EXERCISE DIRECTIONS. Set down nothing except the lines starting at the one with "2 Carat Oval" and ending at the final line of the material, each word for word.
RECORDS PROVIDED Start Marker
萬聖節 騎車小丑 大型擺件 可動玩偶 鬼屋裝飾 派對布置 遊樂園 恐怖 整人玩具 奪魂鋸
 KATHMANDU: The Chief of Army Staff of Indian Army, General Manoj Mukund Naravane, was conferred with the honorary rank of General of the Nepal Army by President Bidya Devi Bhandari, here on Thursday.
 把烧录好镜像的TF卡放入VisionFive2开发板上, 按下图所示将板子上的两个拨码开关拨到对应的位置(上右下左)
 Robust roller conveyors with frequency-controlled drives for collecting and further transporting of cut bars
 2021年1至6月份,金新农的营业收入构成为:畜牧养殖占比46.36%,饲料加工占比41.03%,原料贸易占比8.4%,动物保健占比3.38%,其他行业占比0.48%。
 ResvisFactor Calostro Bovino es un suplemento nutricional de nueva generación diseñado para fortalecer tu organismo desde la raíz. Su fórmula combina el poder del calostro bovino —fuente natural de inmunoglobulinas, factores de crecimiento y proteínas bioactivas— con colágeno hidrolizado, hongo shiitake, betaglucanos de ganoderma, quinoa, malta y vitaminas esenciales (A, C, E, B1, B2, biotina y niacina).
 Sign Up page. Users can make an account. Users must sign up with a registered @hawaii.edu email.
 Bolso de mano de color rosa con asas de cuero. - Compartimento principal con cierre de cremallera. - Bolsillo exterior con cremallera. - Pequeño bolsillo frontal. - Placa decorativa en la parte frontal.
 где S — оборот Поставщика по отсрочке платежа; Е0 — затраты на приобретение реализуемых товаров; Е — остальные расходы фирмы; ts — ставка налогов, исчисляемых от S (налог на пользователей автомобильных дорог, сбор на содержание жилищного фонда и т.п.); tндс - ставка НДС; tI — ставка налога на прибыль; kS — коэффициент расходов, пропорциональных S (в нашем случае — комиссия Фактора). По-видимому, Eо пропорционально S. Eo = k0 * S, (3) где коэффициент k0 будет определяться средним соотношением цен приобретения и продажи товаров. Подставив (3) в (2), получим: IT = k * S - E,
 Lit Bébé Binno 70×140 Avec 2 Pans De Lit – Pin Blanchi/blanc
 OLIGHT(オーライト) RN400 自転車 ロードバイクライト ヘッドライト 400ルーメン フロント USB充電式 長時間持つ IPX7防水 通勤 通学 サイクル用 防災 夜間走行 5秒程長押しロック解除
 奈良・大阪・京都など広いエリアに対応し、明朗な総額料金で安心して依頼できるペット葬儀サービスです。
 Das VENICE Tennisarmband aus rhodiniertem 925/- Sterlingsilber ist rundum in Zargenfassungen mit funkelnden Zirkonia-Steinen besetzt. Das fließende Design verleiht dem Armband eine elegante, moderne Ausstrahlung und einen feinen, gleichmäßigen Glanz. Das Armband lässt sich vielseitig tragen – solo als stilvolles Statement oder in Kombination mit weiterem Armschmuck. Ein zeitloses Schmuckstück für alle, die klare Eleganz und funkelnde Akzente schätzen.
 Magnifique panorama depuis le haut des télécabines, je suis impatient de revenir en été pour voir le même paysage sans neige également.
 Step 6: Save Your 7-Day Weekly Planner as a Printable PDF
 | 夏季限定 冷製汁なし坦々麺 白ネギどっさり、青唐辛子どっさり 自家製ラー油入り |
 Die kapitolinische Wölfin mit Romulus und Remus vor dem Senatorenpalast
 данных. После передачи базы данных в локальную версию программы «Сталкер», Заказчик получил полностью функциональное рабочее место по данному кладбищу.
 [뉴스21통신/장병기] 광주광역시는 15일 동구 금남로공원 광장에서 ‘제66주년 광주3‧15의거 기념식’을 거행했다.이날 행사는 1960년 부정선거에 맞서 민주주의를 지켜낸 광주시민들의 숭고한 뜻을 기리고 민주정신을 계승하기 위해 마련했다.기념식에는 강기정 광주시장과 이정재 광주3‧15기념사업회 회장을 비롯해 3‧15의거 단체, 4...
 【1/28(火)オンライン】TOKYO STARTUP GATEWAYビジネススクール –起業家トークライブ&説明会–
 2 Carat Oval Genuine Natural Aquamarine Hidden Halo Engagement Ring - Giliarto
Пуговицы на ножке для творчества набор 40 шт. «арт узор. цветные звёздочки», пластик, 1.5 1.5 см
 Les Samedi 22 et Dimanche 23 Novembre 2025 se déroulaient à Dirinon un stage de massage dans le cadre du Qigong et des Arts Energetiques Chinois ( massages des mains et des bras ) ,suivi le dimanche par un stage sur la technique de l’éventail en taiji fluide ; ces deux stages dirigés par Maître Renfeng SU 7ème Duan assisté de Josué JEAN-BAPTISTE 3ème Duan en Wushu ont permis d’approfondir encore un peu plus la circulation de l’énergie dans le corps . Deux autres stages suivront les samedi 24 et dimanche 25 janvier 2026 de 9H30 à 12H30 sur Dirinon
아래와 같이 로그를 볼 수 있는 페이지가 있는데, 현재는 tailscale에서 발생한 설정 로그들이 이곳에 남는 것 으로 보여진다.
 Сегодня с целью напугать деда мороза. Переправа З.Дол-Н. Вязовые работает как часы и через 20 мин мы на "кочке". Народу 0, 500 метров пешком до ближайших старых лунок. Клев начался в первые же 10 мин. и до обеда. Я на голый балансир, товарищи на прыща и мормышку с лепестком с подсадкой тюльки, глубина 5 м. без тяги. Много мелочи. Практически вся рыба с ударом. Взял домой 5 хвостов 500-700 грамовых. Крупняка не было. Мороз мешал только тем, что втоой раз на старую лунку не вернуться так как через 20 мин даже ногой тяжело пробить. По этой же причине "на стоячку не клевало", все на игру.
RECORDS PROVIDED End Marker
YOUR RESPONSE.
 2 Carat Oval Genuine Natural Aquamarine Hidden Halo Engagement Ring - Giliarto
Пуговицы на ножке для творчества набор 40 шт. «арт узор. цветные звёздочки», пластик, 1.5 1.5 см
 Les Samedi 22 et Dimanche 23 Novembre 2025 se déroulaient à Dirinon un stage de massage dans le cadre du Qigong et des Arts Energetiques Chinois ( massages des mains et des bras ) ,suivi le dimanche par un stage sur la technique de l’éventail en taiji fluide ; ces deux stages dirigés par Maître Renfeng SU 7ème Duan assisté de Josué JEAN-BAPTISTE 3ème Duan en Wushu ont permis d’approfondir encore un peu plus la circulation de l’énergie dans le corps . Deux autres stages suivront les samedi 24 et dimanche 25 janvier 2026 de 9H30 à 12H30 sur Dirinon
아래와 같이 로그를 볼 수 있는 페이지가 있는데, 현재는 tailscale에서 발생한 설정 로그들이 이곳에 남는 것 으로 보여진다.
 Сегодня с целью напугать деда мороза. Переправа З.Дол-Н. Вязовые работает как часы и через 20 мин мы на "кочке". Народу 0, 500 метров пешком до ближайших старых лунок. Клев начался в первые же 10 мин. и до обеда. Я на голый балансир, товарищи на прыща и мормышку с лепестком с подсадкой тюльки, глубина 5 м. без тяги. Много мелочи. Практически вся рыба с ударом. Взял домой 5 хвостов 500-700 грамовых. Крупняка не было. Мороз мешал только тем, что втоой раз на старую лунку не вернуться так как через 20 мин даже ногой тяжело пробить. По этой же причине "на стоячку не клевало", все на игру.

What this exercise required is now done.